Senhores arquitetos: gostaria de saber por que vocês se esquecem de planejar uma copa e uma cozinha em teatros, museus, supermercados, lojas de departamentos, grandes escritórios. Por favor, senhores arquitetos, por favor!
Esses lugares dão festas. Coquetéis de inauguração, jantares de confraternização, comemorações de datas significativas, tudo. Tudo acontece nesses lugares.
Como inaugurar uma Bienal num grande bufê e não na própria exposição? Como celebrar a vinda de um célebre artista estrangeiro senão no "foyer do teatro depois da peça? Como receber os convidados para uma distribuição de prêmios de design a não ser na loja onde estão os móveis?
Vejamos uma simples rodada de champanhe e de água num teatro. A casa comporta 1.300 convidados. A copa tem dois metros por dois metros. Onde colocar 2.600 copos, 600 garrafas, dezenas de tinas de gelo, 80 garçons? Isso para um coquetel. Já imaginaram um jantar à francesa?
Enquanto brilham luzes e velas, espouca o champanhe, garçons deslizam de luvas brancas, cheiros delicados invadem o ar, o caos se desenrola nos bastidores. Que bastidores? Corredores sem luz e sem janelas, algumas vezes íngremes, a água das pias recém-colocadas se espalhando pelo chão, pilhas góticas de pratos, barulhos estranhos de fogões de gás de bujão ameaçando tombar de vez o prédio já tombado.
Quem assistiu ao filme "Salada Russa em Paris"? Passa-se em São Petersburgo, numa casa pequena, escura, opressiva, cheirando a repolho.
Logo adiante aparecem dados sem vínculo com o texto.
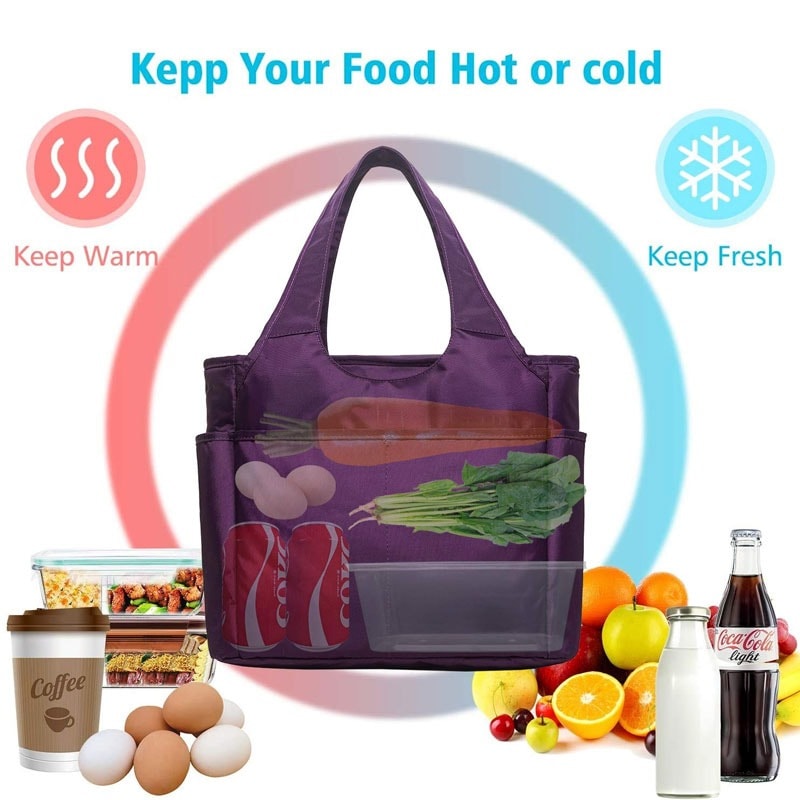 Purple Insulated Cooler Bag: Designed with a firm handle and a removable and adjustable shoulder strap, the reusable adult lunch box can be easily carried with one hand, or it can be firmly tied to a backpack or briefcase.

Essa casa tem um armário. O armário tem uma porta. Abre-se a porta e por um milagre qualquer se cai em Paris, a cidade-luz. Deixa-se para trás o sórdido, o mal-arranjado, o escuro, mergulha-se na limpeza, no brilho, na felicidade.
Poderia ser a metáfora perfeita para o serviço de bufê. O escuro e o claro, o luxo e o lixo.
No prédio da Bienal há uma copa-cozinha de três metros por três metros. É ali que conseguimos a mágica de soltar centenas de bandejas de prata com canapés milimétricos, barquetes com creme de aspargos quentes, ouricinhos de queijo queimando a língua...
É um feito maior que andar na corda bamba de motocicleta, sem rede. Cada prato que sai dali me dá a ilusão de que vamos receber uma salva ensurdecedora de palmas, uma homenagem pelo feito, e todos os cozinheiros de toque branca, meio torta, é verdade, se curvarão em agradecimento merecido. Qual nada! Devem imaginar que trabalhamos com fogões Gaggenau, duchas de água quente, máquinas de lavar e secar...
Há um teatro em São Paulo, reformado, que tem belíssima cozinha no subsolo. E as festas lá são no subsolo? Não! São no primeiro, segundo e terceiro andares ao mesmo tempo.
Os garçons e as copeiras são atletas de primeiro time. Envelhecem antes do tempo, esverdeados, exaustos, braços artríticos de carregar o champanhe acima das cabeças, pernas varicosadas de milhares de quilômetros de escadas percorridas. Estou exagerando? Nem um pouco!
Dirão os arquitetos que desenharam teatros e museus e não casas de pasto. Mas, acreditem, o que mais se faz nesses lugares é celebrar, beber e comer. É a realidade, não adianta fugir dela. A comida aproxima, a bebida congrega...
Seria possível uma solução criativa, vinda do próprio bufê? Às vezes sim, às vezes não. O jantar é à francesa, o que implica em pratos trocados um a um e levados para as catacumbas do terror.
Então vamos instalar alguma coisa, uma copa a meio caminho, um carrinho quente, que perto da mesa sirva os convidados. Mas não pode, é à francesa. Ça ne va pas. It won't do. Não é próprio. Não é adequado. É à francesa.
Que história é essa, quem é essa francesa prepotente? Por que não à cabocla?
Arquitetos, ajudai-nos, misericórdia, construam uma portinha pequena que nos leve para a luz. E nem precisa ser Paris.